START Data segment

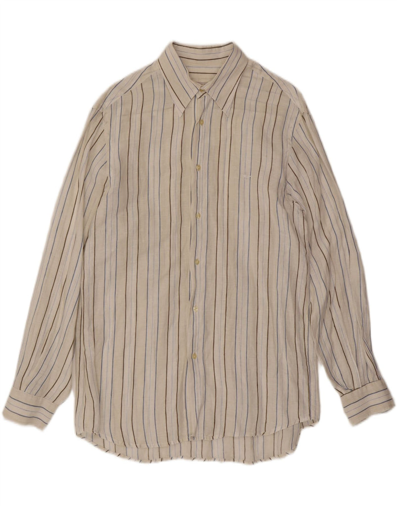 GOOSE & GANDER Herrenhemd IT 50 Mittelweiß gestreiftes Leinen
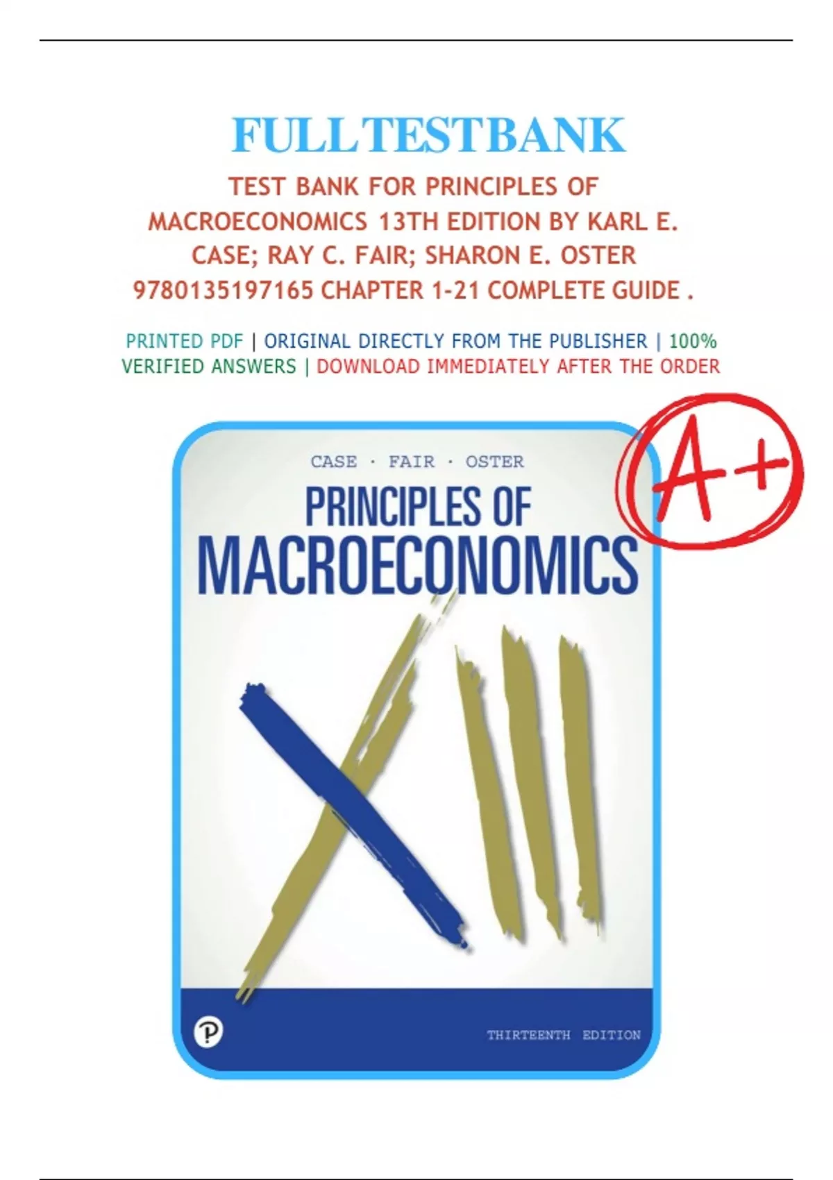 Test Bank For Principles of Macroeconomics 13th Edition By Karl E. Case; Ray C. Fair; Sharon E. Oster|9780135196984| All Chapters 1-21|LATEST
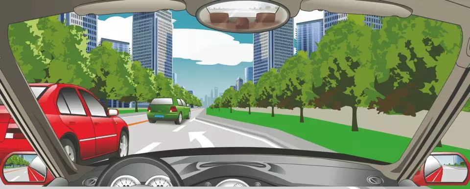 遇到这种情况时,要加速从红车前变更车道。
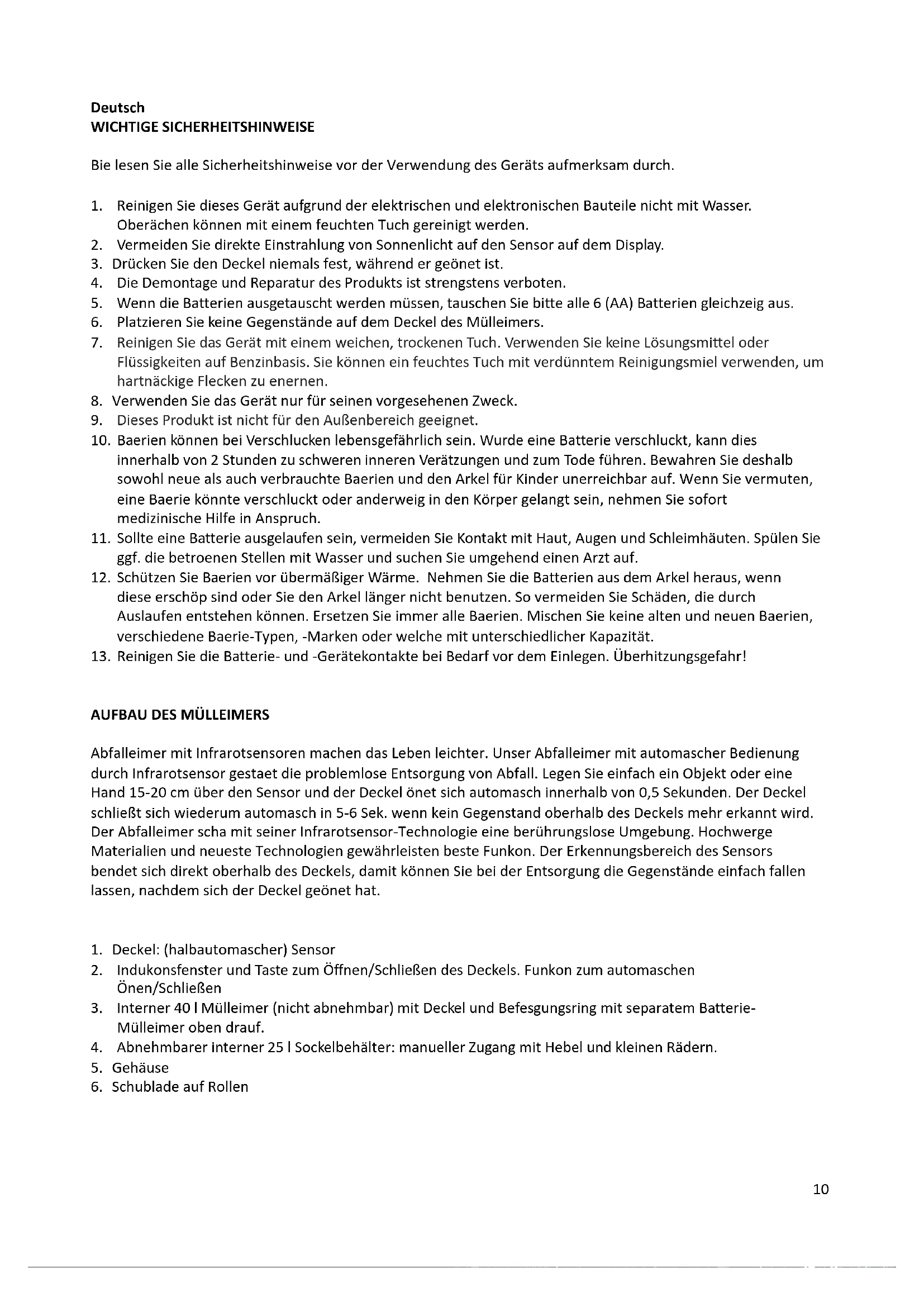 BEDIENUNGSANLEITUNG Schritt 1 Abfalleimer auspacken WARNUNG: Packen Sie alle Teile aus und entfernen Sie danach die Schutzmaterialien. Ermöglichen Sie Kindern nicht den Zugriff auf Plastiktüten. Die automatische Öffnungs- und Schließsteuerung besteht aus Computer-Chips, Infrarotsensor, mechanischer Übertragung und dem elektrischem Antrieb. Dieses Gerät ist ein Hochtechnologieprodukt mit Maschinen-, Licht- und Elektrotechnologie. Es besteht aus dem Deckel (mit allen mechanischen und elektronischen Bauteilen) und dem Behälter. Das Gerät hat eine lange Lebensdauer und geringen Energieverbrauch. Schritt 2 Batterien einsetzen Nehmen Sie die obere Abdeckung innen im Behälter ab. Öffnen Sie das Batteriefach und setzen Sie 6 A-Batterien ein. Achten Sie hierbei auf die Polarität. Stellen Sie sicher, dass beim Einsetzen neuer Batterien alle 6 Batterien gleichzeitig ausgetauscht werden. Schritt 3 Abfalltüte einsetzen Setzen Sie die Mülltüte durch den Ringhalter ein. Setzen Sie die Mülltüte nun in den Behälter ein und drücken Sie sie vorsichtig an. Schritt 4 Abfalleimer montieren Halten Sie die Vorderseite der oberen Abdeckung fest und drücken Sie die Oberseite der Schaufel nach unten. Legen Sie zuerst die Rückseite der oberen Abdeckung auf den Eimer und drücken Sie dann die vordere Abdeckung nach unten. Schalten Sie die Maschine ein, indem Sie den Ein-/Ausschalter am Deckel am Boden des Eimers einschalten. Schritt 5 Infrarot-Bewegungssensor Beim Entsorgen halten Sie den Gegenstand oder die Hand RUHIG etwa 15-20 cm über dem Sensor. Der Deckel öffnet sich innerhalb von 0,5 Sek. und schließt sich nach 5-6 Sekunden wieder. Der Deckel bleibt solange geöffnet, wie ein Gegenstand oberhalb des Deckels erkannt wird. Mit der Öffnungstaste öffnen Sie den Deckel für einen längeren Zeitraum, bis er mit der Schließtaste wieder geschlossen wird. Die Schließtaste schließt den Deckel und stellt den Bewegungssensor für automatisches Öffnen und Schließen zurück. **Ein langes Öffnen des Deckels verbraucht Energie. ***Ziehen Sie am inneren unteren Eimer, um dort Recyclingmüll zu entsorgen. Der innere obere Eimer wird für nicht recycelbare Haushaltsabfälle verwendet.12 ****Wir empfehlen, Müllbeutel mit einer Kapazität von 40 Litern zu verwenden, um Gesundheitsprobleme und Geruchsbelästigung zu vermeiden.

END Data segment

(Instructions for the task): Write out each line of the data above exactly, starting at the top and finishing with the line containing "遇到这种情况时,要加速从红车前变更车道。"; omit the pictures.

(Task result):
 GOOSE & GANDER Herrenhemd IT 50 Mittelweiß gestreiftes Leinen
 Test Bank For Principles of Macroeconomics 13th Edition By Karl E. Case; Ray C. Fair; Sharon E. Oster|9780135196984| All Chapters 1-21|LATEST
 遇到这种情况时,要加速从红车前变更车道。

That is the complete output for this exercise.